Data records
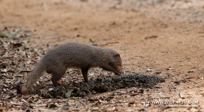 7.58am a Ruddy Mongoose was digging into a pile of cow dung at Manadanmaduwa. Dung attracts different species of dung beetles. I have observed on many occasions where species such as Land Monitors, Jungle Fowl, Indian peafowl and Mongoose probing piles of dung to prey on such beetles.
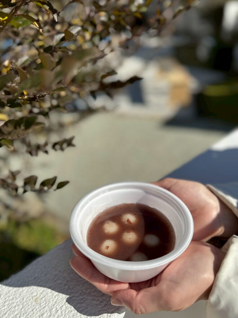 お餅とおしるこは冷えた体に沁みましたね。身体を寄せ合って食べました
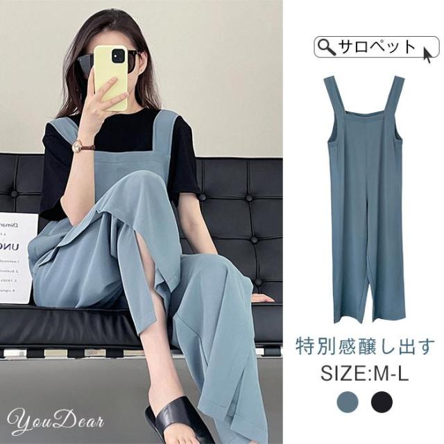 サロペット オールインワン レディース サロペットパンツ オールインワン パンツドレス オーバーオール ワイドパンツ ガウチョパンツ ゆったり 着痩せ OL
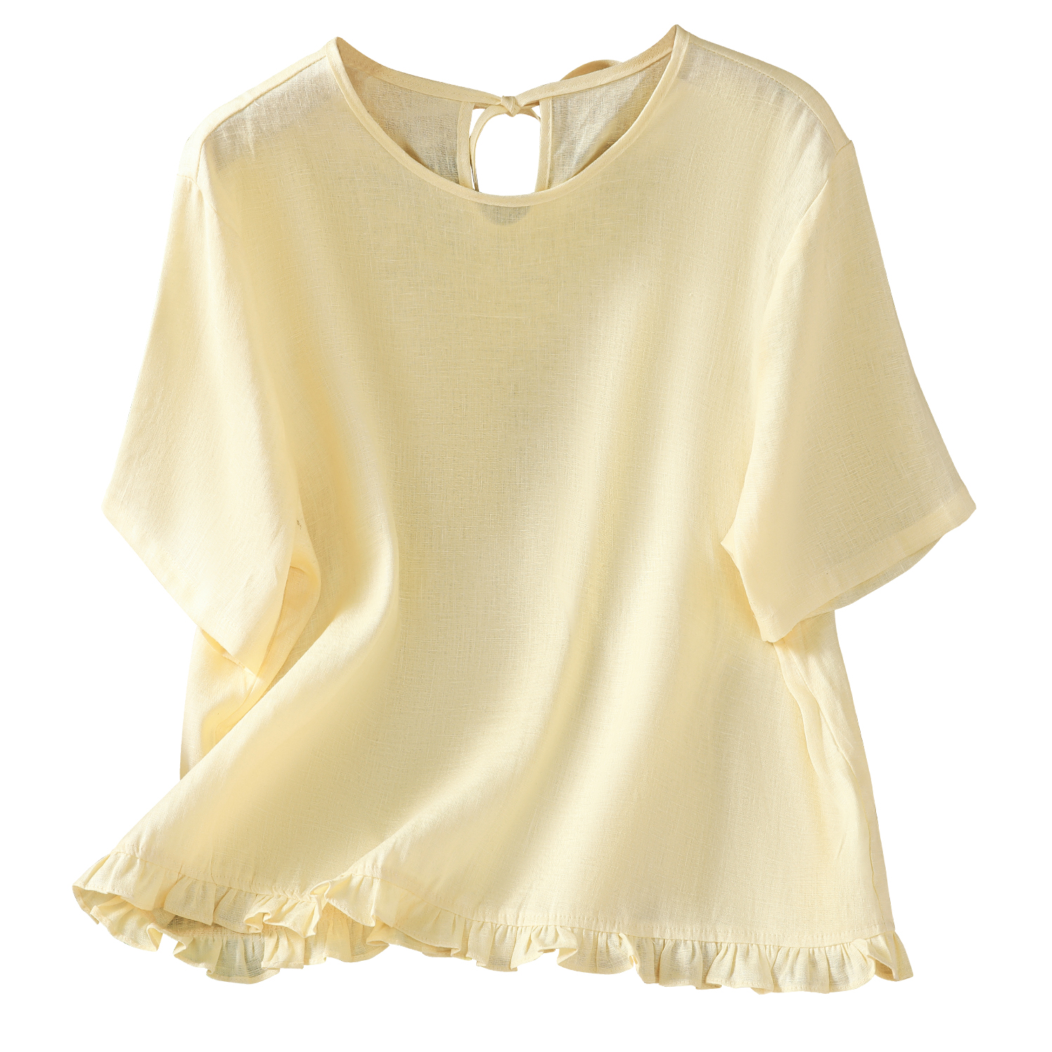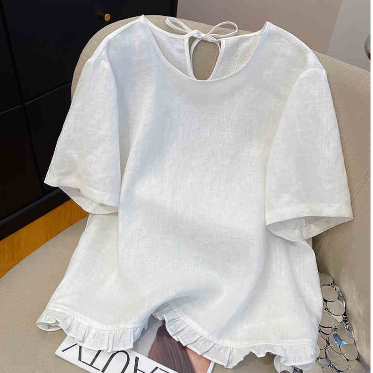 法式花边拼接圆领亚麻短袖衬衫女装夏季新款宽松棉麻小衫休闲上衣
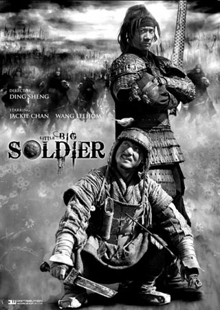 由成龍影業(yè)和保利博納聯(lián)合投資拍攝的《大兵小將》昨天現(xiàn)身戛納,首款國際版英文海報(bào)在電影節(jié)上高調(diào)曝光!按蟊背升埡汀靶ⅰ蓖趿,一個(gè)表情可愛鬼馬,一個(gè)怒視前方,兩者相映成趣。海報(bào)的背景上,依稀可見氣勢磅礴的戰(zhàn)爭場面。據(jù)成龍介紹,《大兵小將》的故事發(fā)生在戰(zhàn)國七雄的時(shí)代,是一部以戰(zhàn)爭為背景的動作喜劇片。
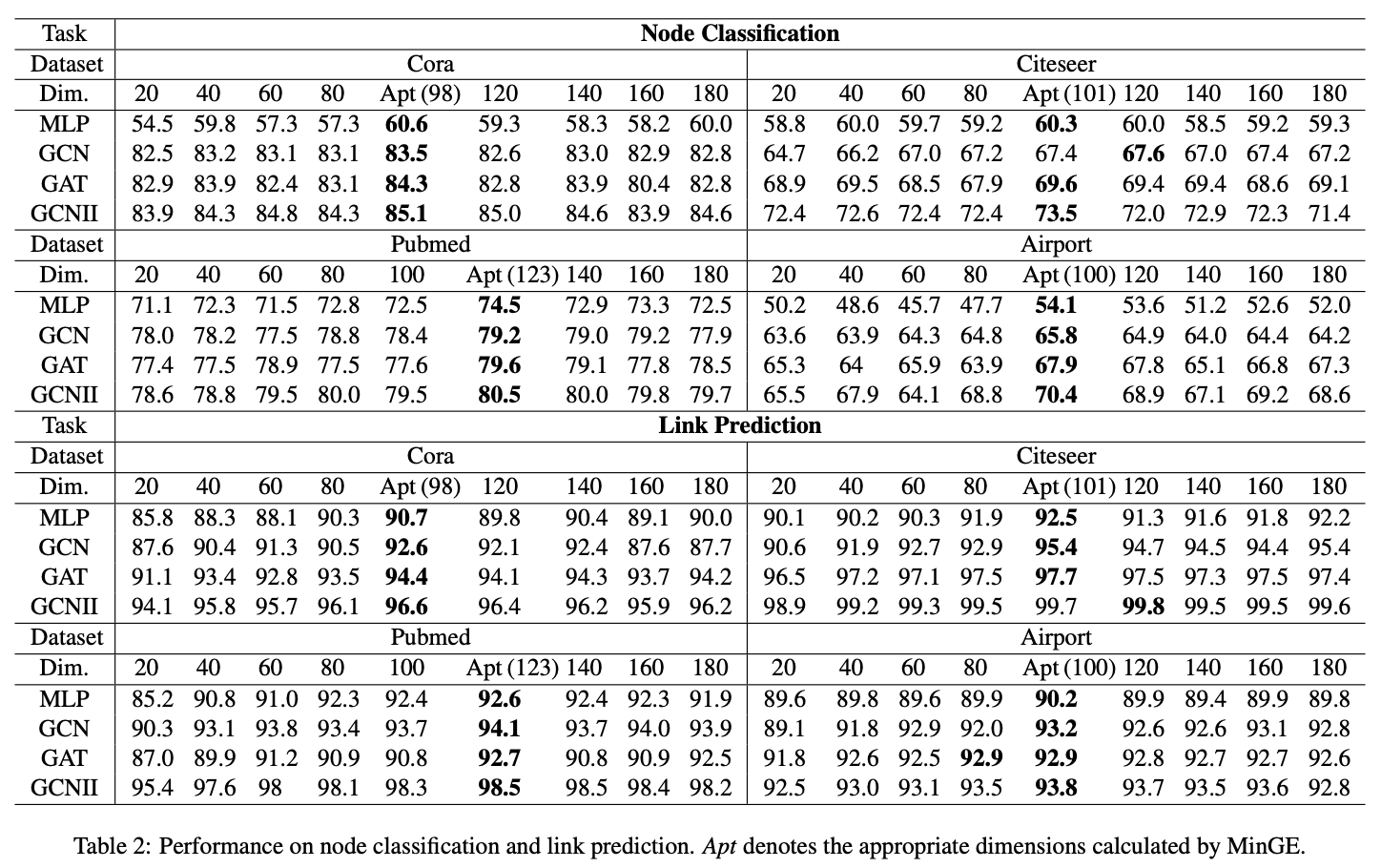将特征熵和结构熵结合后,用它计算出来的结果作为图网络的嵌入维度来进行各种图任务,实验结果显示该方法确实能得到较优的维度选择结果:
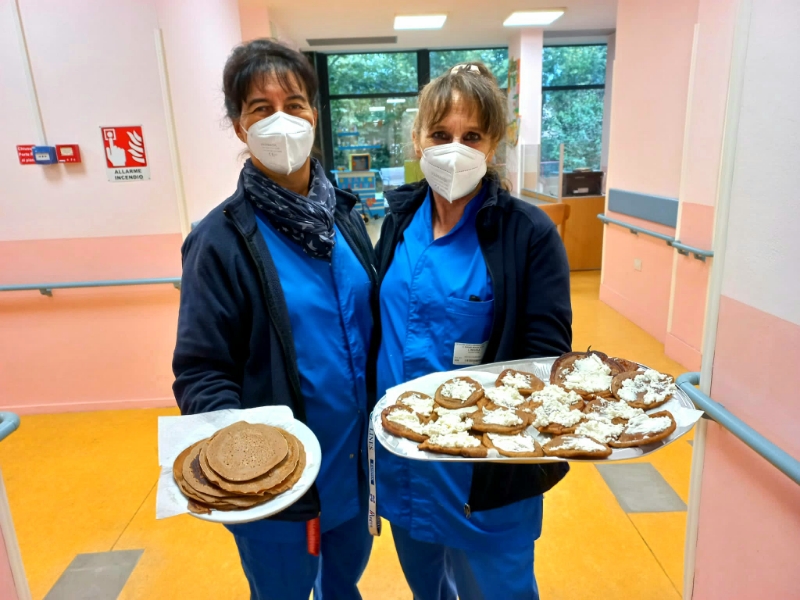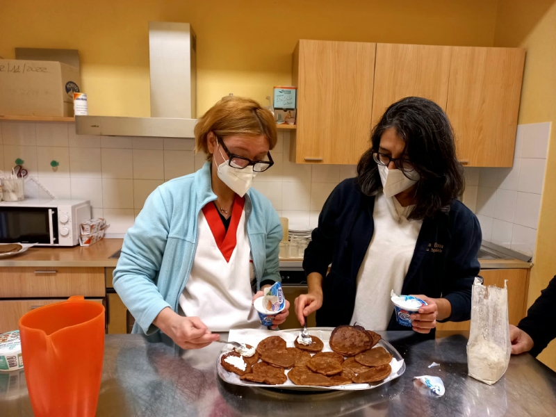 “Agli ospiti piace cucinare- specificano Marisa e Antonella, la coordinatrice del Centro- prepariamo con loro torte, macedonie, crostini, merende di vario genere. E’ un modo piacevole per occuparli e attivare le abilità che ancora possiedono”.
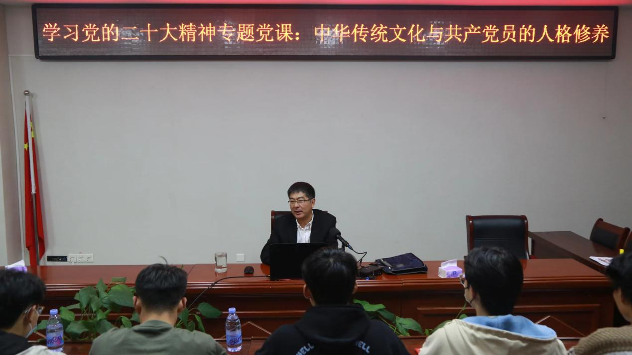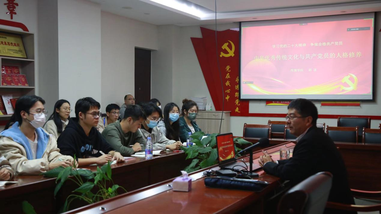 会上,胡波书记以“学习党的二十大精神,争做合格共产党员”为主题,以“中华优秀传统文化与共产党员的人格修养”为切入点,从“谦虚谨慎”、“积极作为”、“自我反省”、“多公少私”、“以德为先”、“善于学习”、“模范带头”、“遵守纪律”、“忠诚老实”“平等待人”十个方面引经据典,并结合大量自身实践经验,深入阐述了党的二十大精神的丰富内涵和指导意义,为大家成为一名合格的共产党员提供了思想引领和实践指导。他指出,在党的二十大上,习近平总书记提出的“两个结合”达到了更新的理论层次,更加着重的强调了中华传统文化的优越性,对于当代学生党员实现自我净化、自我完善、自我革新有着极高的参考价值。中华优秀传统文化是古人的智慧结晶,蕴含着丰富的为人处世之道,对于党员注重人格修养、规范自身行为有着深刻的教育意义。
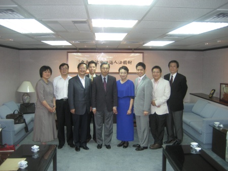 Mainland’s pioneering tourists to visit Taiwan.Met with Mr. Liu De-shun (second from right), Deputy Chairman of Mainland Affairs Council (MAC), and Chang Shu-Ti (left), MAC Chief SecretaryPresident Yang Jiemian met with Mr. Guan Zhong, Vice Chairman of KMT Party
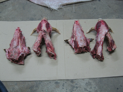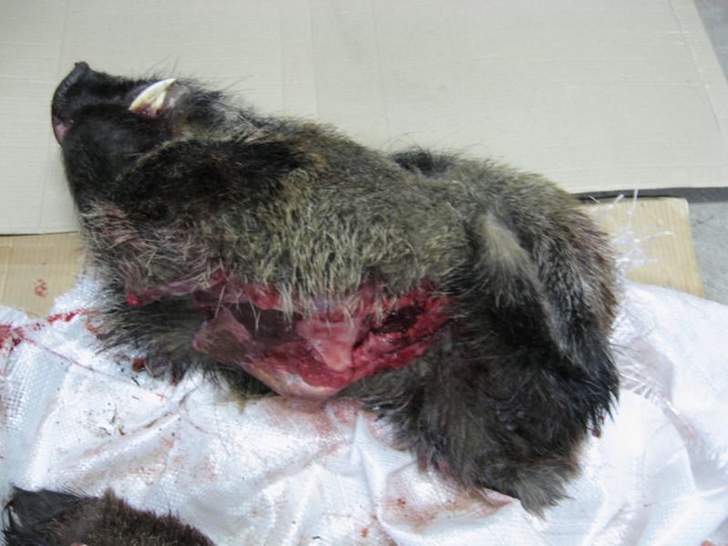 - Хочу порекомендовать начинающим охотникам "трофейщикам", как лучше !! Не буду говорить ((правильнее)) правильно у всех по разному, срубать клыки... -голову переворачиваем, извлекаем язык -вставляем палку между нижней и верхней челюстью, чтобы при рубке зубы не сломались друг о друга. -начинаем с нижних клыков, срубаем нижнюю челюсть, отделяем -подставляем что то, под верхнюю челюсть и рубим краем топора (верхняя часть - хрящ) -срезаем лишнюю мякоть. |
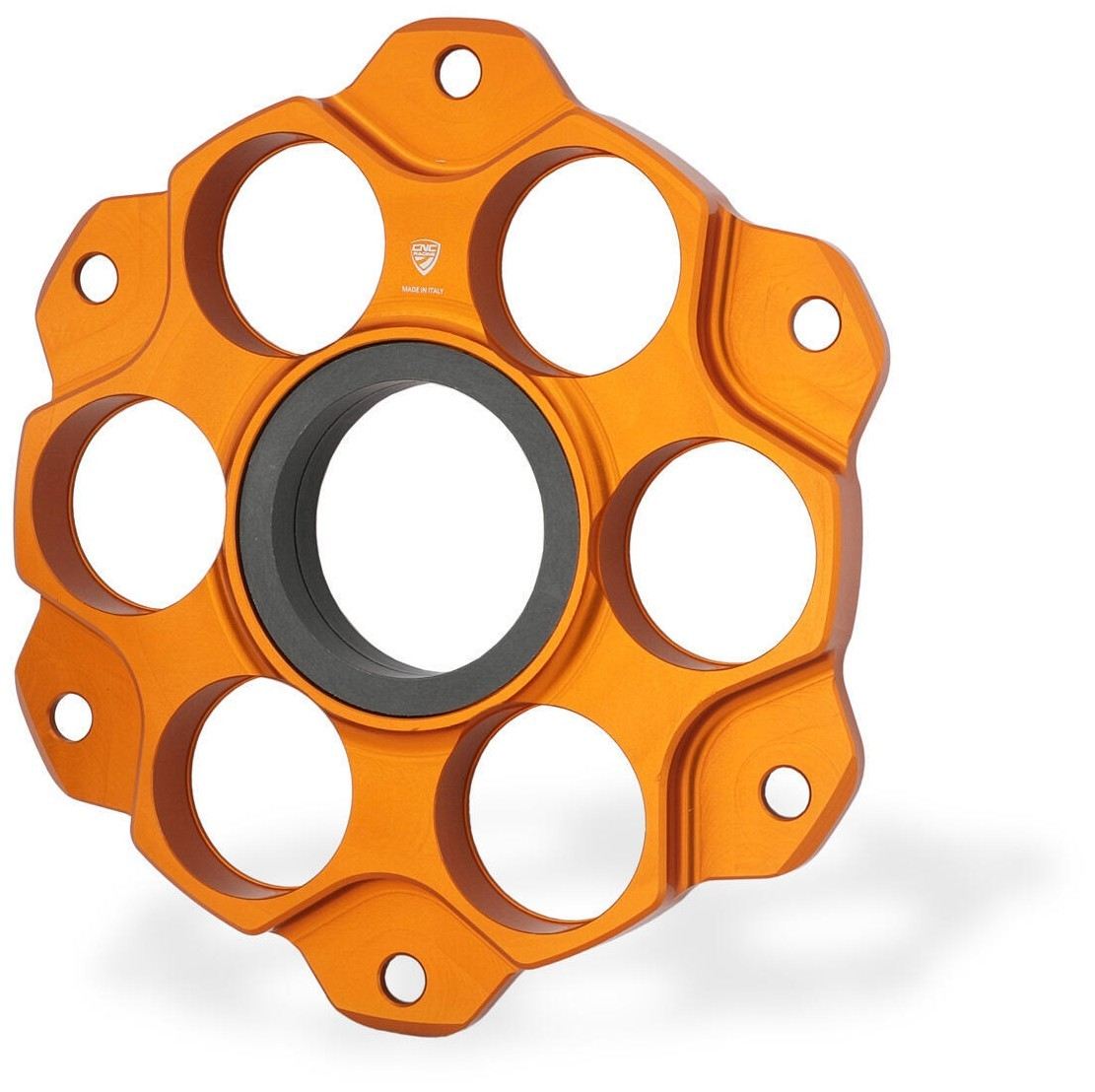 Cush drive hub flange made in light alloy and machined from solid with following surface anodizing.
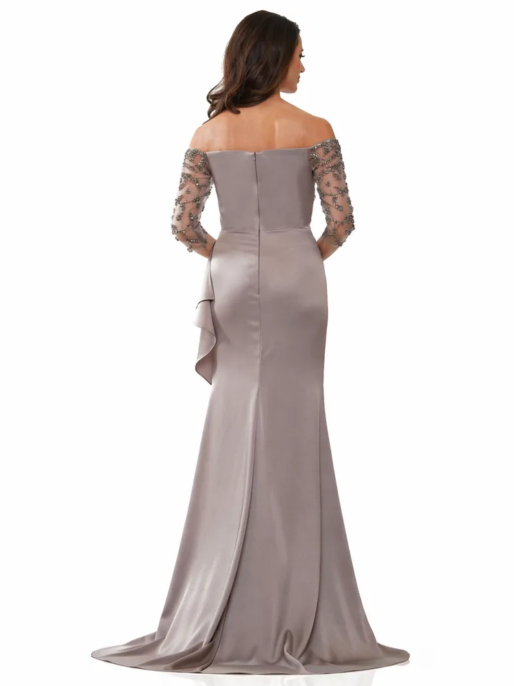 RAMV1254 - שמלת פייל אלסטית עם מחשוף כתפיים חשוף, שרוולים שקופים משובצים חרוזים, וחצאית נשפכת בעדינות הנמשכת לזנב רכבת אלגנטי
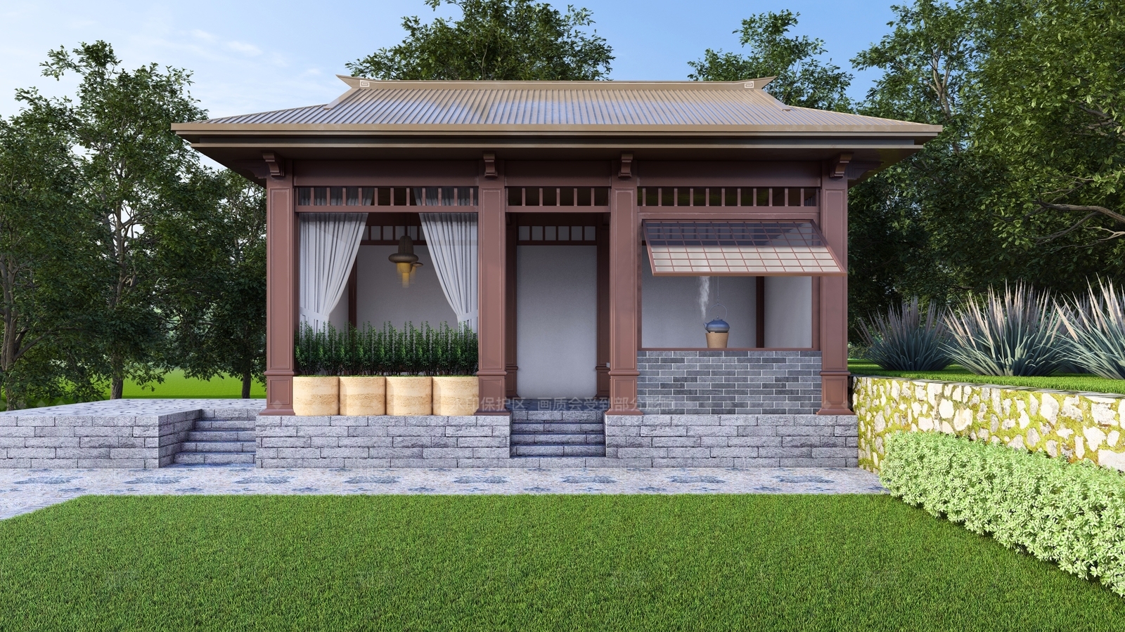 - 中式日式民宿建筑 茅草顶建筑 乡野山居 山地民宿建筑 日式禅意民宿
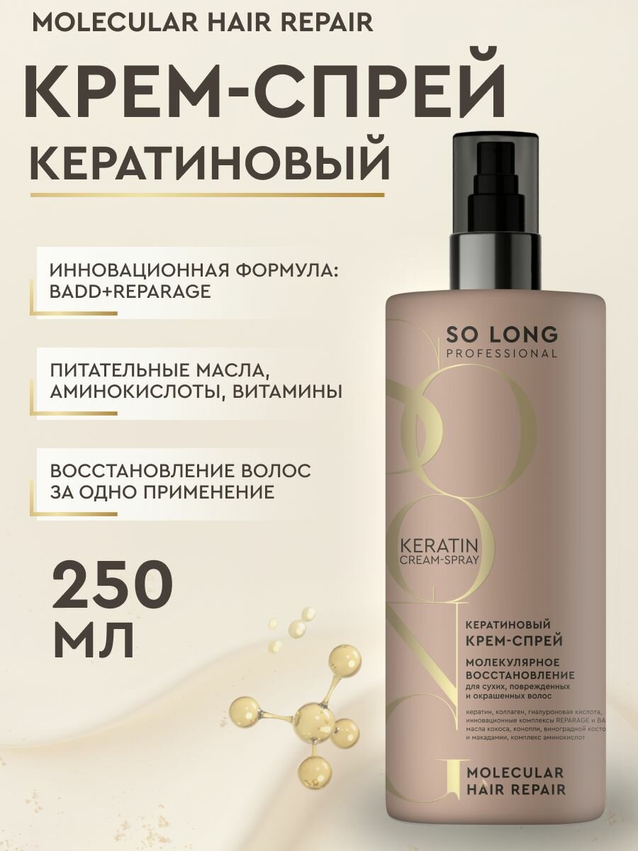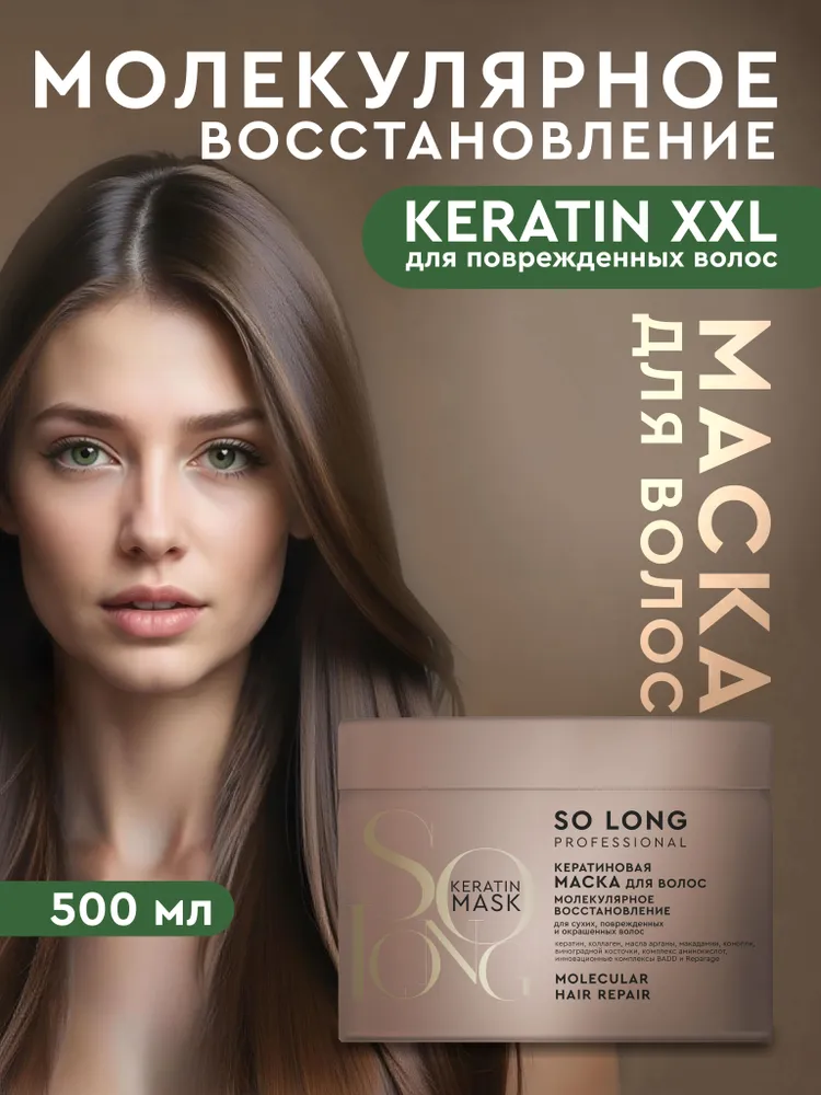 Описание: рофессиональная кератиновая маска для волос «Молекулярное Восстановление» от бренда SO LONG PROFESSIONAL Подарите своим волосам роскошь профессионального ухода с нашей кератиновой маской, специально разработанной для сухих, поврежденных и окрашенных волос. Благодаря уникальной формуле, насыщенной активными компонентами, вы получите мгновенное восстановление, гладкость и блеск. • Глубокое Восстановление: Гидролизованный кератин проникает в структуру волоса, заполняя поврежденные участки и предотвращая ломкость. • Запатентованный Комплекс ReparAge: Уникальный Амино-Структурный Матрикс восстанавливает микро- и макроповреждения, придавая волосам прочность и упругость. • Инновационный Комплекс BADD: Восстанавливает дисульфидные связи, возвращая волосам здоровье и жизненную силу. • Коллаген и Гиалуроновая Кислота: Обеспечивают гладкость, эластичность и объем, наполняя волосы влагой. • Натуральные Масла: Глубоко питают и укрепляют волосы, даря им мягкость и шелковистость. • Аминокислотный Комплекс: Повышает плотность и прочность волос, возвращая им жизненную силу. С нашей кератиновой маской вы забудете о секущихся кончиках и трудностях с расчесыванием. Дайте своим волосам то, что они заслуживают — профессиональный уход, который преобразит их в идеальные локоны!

_What the exercise asks_
The response must match the data line for line, from its first line through the line with "法式花边拼接圆领亚麻短袖衬衫女装夏季新款宽松棉麻小衫休闲上衣", inclusive, and must leave out the pictures.

_Response area_
 7.58am a Ruddy Mongoose was digging into a pile of cow dung at Manadanmaduwa. Dung attracts different species of dung beetles. I have observed on many occasions where species such as Land Monitors, Jungle Fowl, Indian peafowl and Mongoose probing piles of dung to prey on such beetles.
 お餅とおしるこは冷えた体に沁みましたね。身体を寄せ合って食べました
 サロペット オールインワン レディース サロペットパンツ オールインワン パンツドレス オーバーオール ワイドパンツ ガウチョパンツ ゆったり 着痩せ OL
 法式花边拼接圆领亚麻短袖衬衫女装夏季新款宽松棉麻小衫休闲上衣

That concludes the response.